__WHAT THE TASK ASKS__
Of the lines in the material below, print only those from the one containing "[2m2022-04-06 00:25:53.813[0;39m [32m" to the one containing "Fototapeta premium Cup", ends included, exactly as written and without pictures.

__DATA FOR REVIEW__
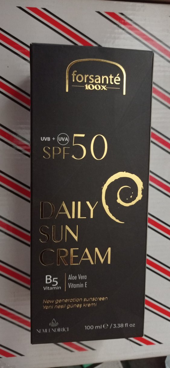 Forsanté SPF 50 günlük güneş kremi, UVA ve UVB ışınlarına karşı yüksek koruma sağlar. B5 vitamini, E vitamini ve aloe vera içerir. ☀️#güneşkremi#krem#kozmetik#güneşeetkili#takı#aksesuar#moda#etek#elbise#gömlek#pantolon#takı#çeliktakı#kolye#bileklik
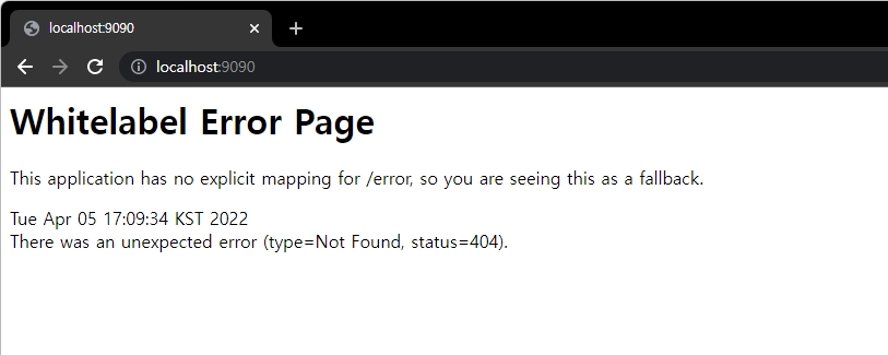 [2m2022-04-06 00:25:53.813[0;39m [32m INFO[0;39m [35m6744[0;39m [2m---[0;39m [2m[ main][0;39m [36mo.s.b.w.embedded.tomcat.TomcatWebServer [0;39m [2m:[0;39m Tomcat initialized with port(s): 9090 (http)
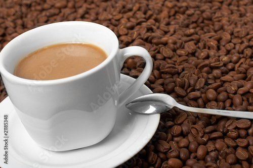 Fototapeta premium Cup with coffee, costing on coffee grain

---

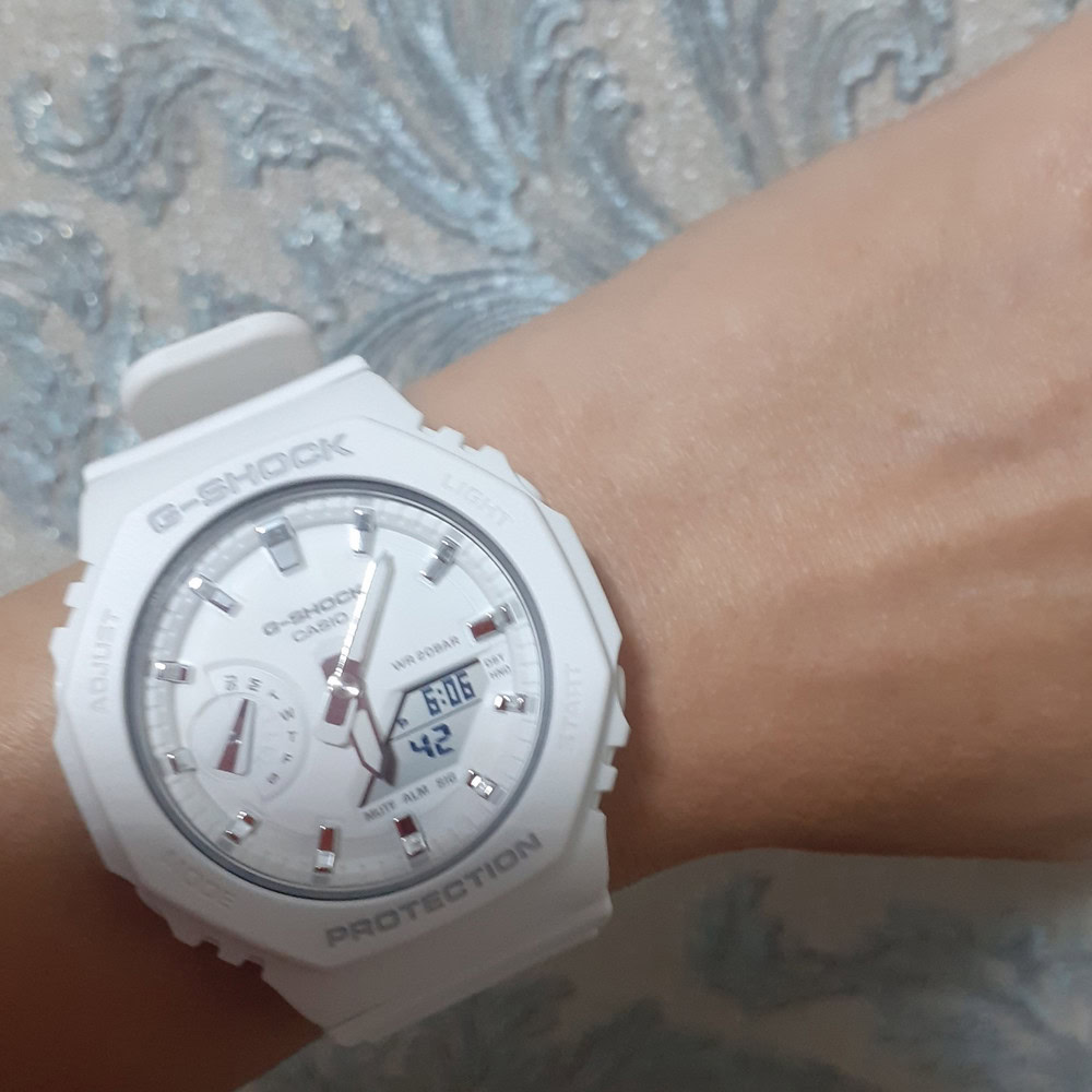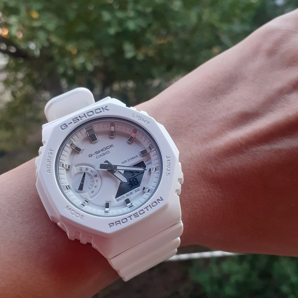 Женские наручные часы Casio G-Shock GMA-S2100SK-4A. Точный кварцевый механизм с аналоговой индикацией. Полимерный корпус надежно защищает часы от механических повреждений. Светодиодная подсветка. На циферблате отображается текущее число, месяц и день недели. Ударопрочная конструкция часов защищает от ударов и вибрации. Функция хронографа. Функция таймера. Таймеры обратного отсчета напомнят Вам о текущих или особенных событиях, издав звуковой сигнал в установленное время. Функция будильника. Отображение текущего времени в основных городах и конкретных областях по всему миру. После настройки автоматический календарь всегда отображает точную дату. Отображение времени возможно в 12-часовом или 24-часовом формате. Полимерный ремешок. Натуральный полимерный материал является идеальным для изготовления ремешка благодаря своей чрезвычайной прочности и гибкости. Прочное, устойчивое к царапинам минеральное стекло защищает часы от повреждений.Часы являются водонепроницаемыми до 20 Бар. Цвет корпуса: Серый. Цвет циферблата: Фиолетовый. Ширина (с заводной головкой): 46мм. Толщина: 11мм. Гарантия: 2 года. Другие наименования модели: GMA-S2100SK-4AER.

__TASK RESPONSE__
 [2m2022-04-06 00:25:53.813[0;39m [32m INFO[0;39m [35m6744[0;39m [2m---[0;39m [2m[ main][0;39m [36mo.s.b.w.embedded.tomcat.TomcatWebServer [0;39m [2m:[0;39m Tomcat initialized with port(s): 9090 (http)
 Fototapeta premium Cup with coffee, costing on coffee grain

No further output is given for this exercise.